**Source material**:
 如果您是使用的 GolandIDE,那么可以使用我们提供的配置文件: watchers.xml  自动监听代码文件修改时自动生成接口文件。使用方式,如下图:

...

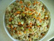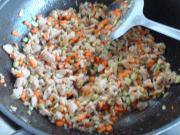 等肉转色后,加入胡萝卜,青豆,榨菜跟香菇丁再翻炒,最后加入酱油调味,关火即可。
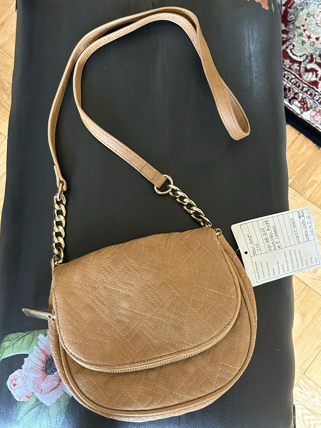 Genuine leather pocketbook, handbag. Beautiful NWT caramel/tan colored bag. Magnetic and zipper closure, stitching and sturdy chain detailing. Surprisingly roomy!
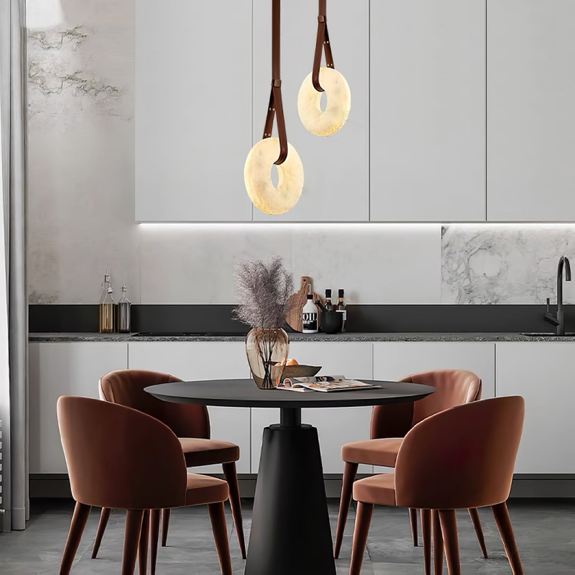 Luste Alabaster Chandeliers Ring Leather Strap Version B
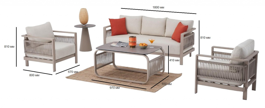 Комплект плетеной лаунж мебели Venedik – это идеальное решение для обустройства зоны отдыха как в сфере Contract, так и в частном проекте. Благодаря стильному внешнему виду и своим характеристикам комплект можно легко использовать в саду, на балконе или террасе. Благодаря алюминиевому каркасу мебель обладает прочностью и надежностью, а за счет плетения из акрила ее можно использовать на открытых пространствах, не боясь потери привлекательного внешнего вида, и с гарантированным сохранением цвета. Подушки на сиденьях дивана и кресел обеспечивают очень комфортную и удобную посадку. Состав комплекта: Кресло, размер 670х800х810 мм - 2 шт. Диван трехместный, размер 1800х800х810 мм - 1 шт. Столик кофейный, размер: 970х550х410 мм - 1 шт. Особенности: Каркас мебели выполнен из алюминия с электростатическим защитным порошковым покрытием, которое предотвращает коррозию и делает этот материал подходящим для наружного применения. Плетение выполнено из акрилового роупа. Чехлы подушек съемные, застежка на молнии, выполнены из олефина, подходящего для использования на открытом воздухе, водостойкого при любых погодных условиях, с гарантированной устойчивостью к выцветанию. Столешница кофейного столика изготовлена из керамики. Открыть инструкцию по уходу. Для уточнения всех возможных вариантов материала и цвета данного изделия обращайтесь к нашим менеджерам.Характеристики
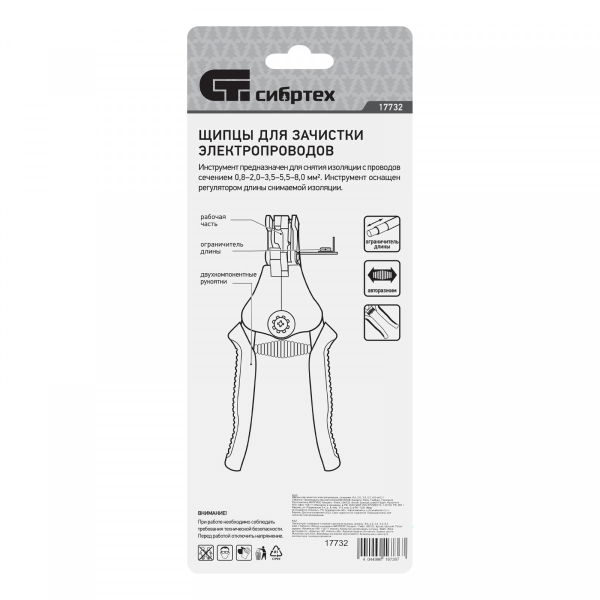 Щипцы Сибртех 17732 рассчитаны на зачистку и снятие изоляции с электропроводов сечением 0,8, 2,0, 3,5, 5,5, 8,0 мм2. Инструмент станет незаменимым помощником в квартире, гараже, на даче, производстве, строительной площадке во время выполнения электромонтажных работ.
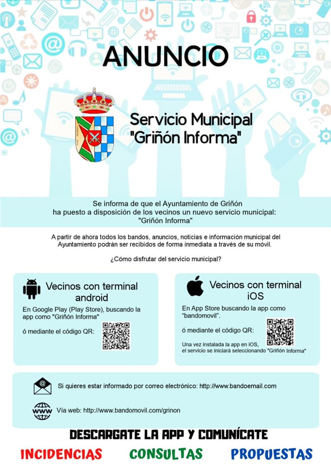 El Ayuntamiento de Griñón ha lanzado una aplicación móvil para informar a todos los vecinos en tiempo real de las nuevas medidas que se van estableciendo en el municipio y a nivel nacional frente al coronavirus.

...

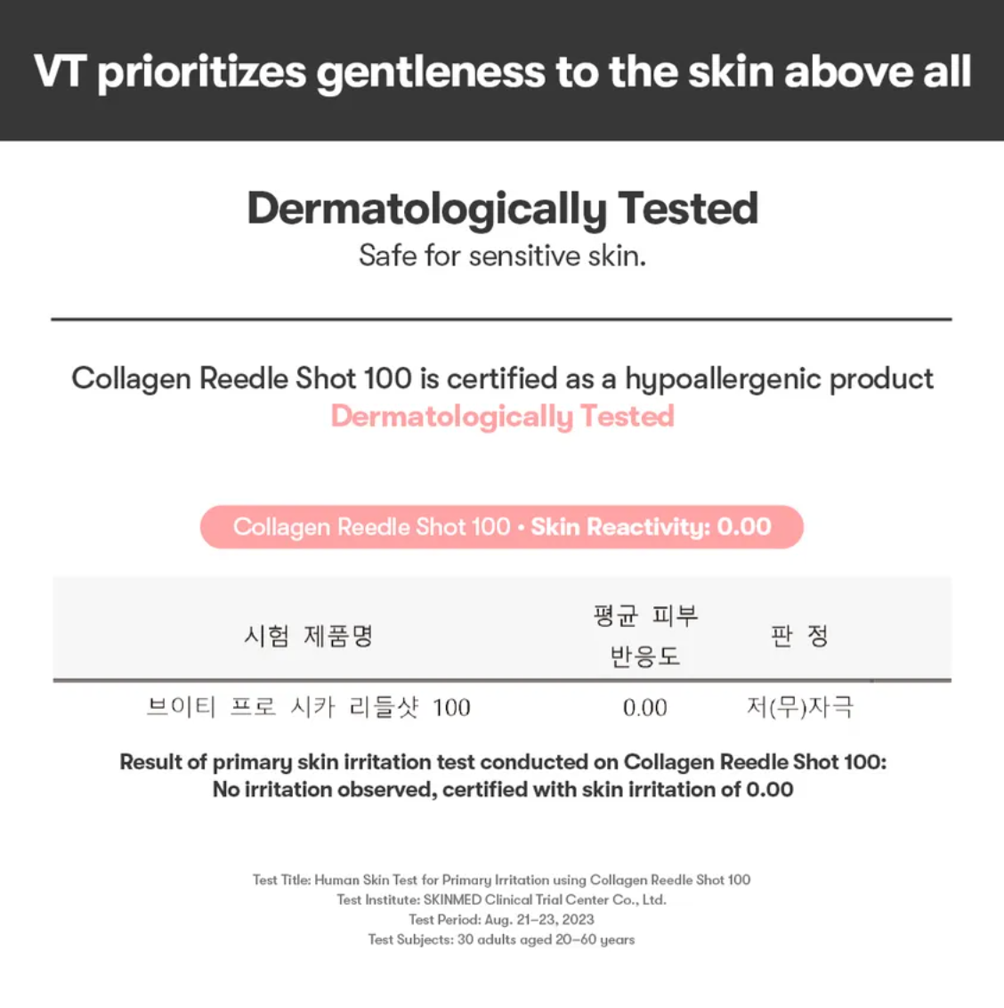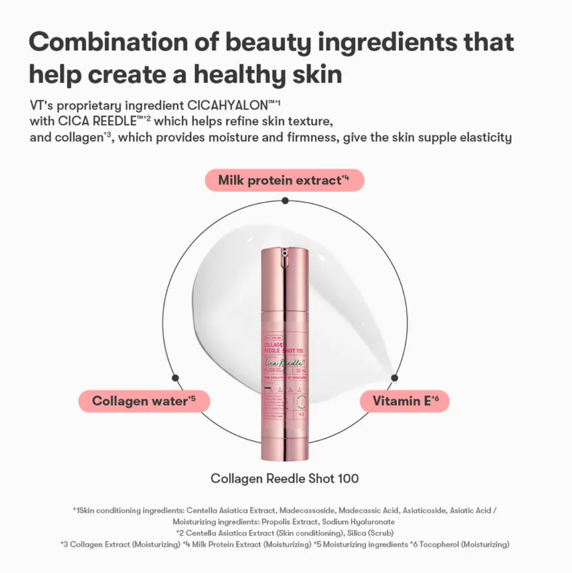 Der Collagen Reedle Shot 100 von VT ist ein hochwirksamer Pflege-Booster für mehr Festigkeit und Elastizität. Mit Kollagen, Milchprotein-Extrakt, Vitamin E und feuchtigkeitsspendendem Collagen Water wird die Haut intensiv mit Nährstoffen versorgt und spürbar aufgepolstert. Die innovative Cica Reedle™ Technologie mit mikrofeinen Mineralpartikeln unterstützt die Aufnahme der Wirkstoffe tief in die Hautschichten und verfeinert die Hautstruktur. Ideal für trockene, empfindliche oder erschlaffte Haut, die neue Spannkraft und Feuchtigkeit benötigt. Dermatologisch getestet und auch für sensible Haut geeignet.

**What to work on**: Reproduce the data above exactly, but only from the line containing "等肉转色后,加入胡萝卜,青豆,榨菜跟香菇丁再翻炒,最后加入酱油调味,关火即可。" through the line containing "El Ayuntamiento de"; skip the pictures.

**Problem solution**:
 等肉转色后,加入胡萝卜,青豆,榨菜跟香菇丁再翻炒,最后加入酱油调味,关火即可。
 Genuine leather pocketbook, handbag. Beautiful NWT caramel/tan colored bag. Magnetic and zipper closure, stitching and sturdy chain detailing. Surprisingly roomy!
 Luste Alabaster Chandeliers Ring Leather Strap Version B
 Комплект плетеной лаунж мебели Venedik – это идеальное решение для обустройства зоны отдыха как в сфере Contract, так и в частном проекте. Благодаря стильному внешнему виду и своим характеристикам комплект можно легко использовать в саду, на балконе или террасе. Благодаря алюминиевому каркасу мебель обладает прочностью и надежностью, а за счет плетения из акрила ее можно использовать на открытых пространствах, не боясь потери привлекательного внешнего вида, и с гарантированным сохранением цвета. Подушки на сиденьях дивана и кресел обеспечивают очень комфортную и удобную посадку. Состав комплекта: Кресло, размер 670х800х810 мм - 2 шт. Диван трехместный, размер 1800х800х810 мм - 1 шт. Столик кофейный, размер: 970х550х410 мм - 1 шт. Особенности: Каркас мебели выполнен из алюминия с электростатическим защитным порошковым покрытием, которое предотвращает коррозию и делает этот материал подходящим для наружного применения. Плетение выполнено из акрилового роупа. Чехлы подушек съемные, застежка на молнии, выполнены из олефина, подходящего для использования на открытом воздухе, водостойкого при любых погодных условиях, с гарантированной устойчивостью к выцветанию. Столешница кофейного столика изготовлена из керамики. Открыть инструкцию по уходу. Для уточнения всех возможных вариантов материала и цвета данного изделия обращайтесь к нашим менеджерам.Характеристики
 Щипцы Сибртех 17732 рассчитаны на зачистку и снятие изоляции с электропроводов сечением 0,8, 2,0, 3,5, 5,5, 8,0 мм2. Инструмент станет незаменимым помощником в квартире, гараже, на даче, производстве, строительной площадке во время выполнения электромонтажных работ.
 El Ayuntamiento de Griñón ha lanzado una aplicación móvil para informar a todos los vecinos en tiempo real de las nuevas medidas que se van estableciendo en el municipio y a nivel nacional frente al coronavirus.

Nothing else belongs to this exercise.